Key to SolarCity’s new offering in California is the California Public Utilities Commission (CPUC)’s Multifamily Affordable Solar Housing (MASH) program and the New Solar Homes Partnership (NSHP) administered by the California Energy Commission. To date, MASH has enabled 22.7 MW of solar capacity across 353 projects statewide that serve multi-family affordable housing. Thanks to the leadership of the California Legislature and CPUC, an additional $54 million in incentive funding was recently made available to the MASH program with a goal of installing an additional 35 megawatts of new solar capacity. The NSHP provides incentives for multi-family affordable housing projects where at least 20 percent of the project units are dedicated for extremely low-, very low-, lower-, or moderate-income households for at least 10 years.

Today’s new service furthers expands the accessibility of solar to all communities, will help create local installation jobs in low income communities and ensure that these families have access to clean, healthier sources of energy.

SolarCity shares closed down 1.8% at $42.99 on Thursday, and there was no real action in the after-hours after this news broke.
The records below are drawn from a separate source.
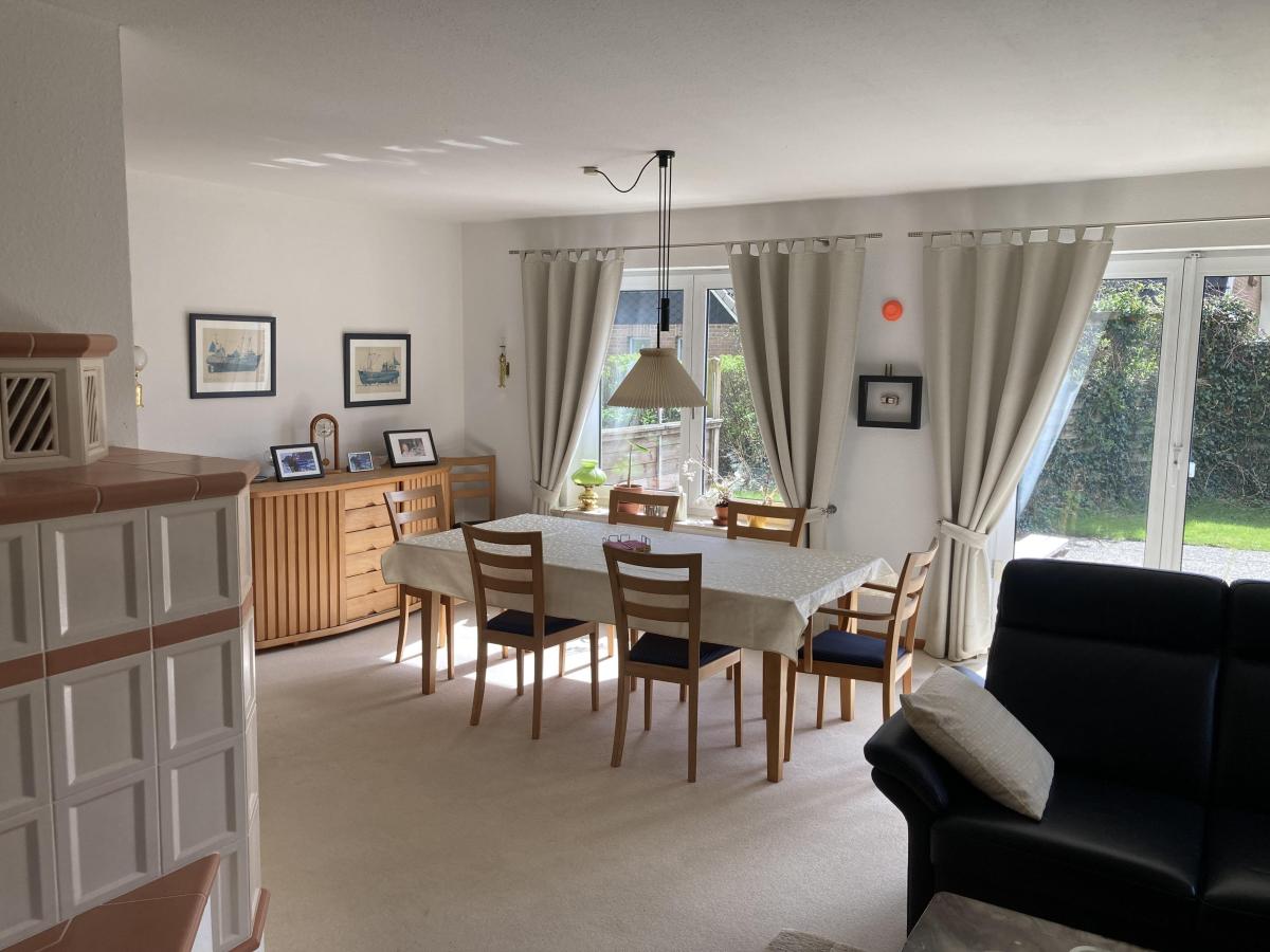 Im Erdgeschoss dieser Immobile befindet sich neben dem Windfang und der Diele das großzügig geschnittene Wohn- und Esszimmer. Hier sorgt ein echter Kachelofen, dessen Feuerspiel auch in der Diele sichtbar ist – für wohlige Wärme und eine gemütliche Atmosphäre. Von hier gelangt man auf die nach Süd-Osten ausgerichtete Terrasse.
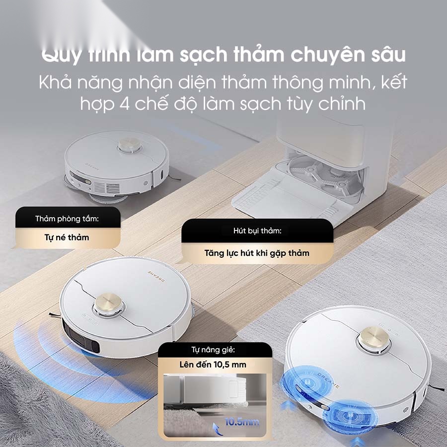 Robot hút bụi Dreame L10s Pro Ultra có khả năng nhận diện thảm thông minh, cùng với đó là 4 chế độ làm sạch thảm tùy chỉnh. Người dùng sẽ có đa dạng lựa chọn hơn cho việc làm sạch thảm trong ngôi nhà của mình, cụ thể như sau:
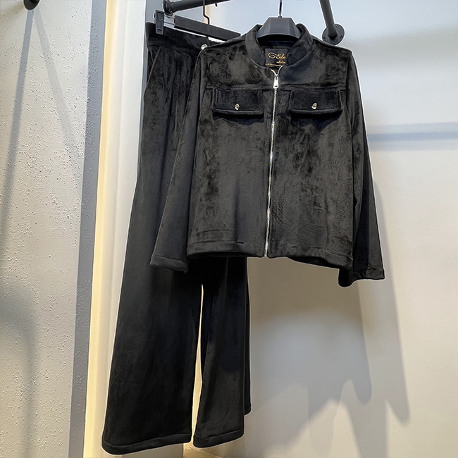 Review of women's bomber jacket and pants set, model Santa Code 868, black

That was even after Stifel initiated coverage with a Buy rating and with a $64.00 price target. The stock has a consensus analyst price target of $77.33 and a 52-week range of $34.65 to $63.79.

How the investment community responds to this news remains up for debate. It is easy to argue both sides of the case. SolarCity may be opening itself up to millions of more homes, which is great for its revenues. It could also be taking on much more risk, and that could cost the company handily if the clients find out the hard way that they could not afford these savings.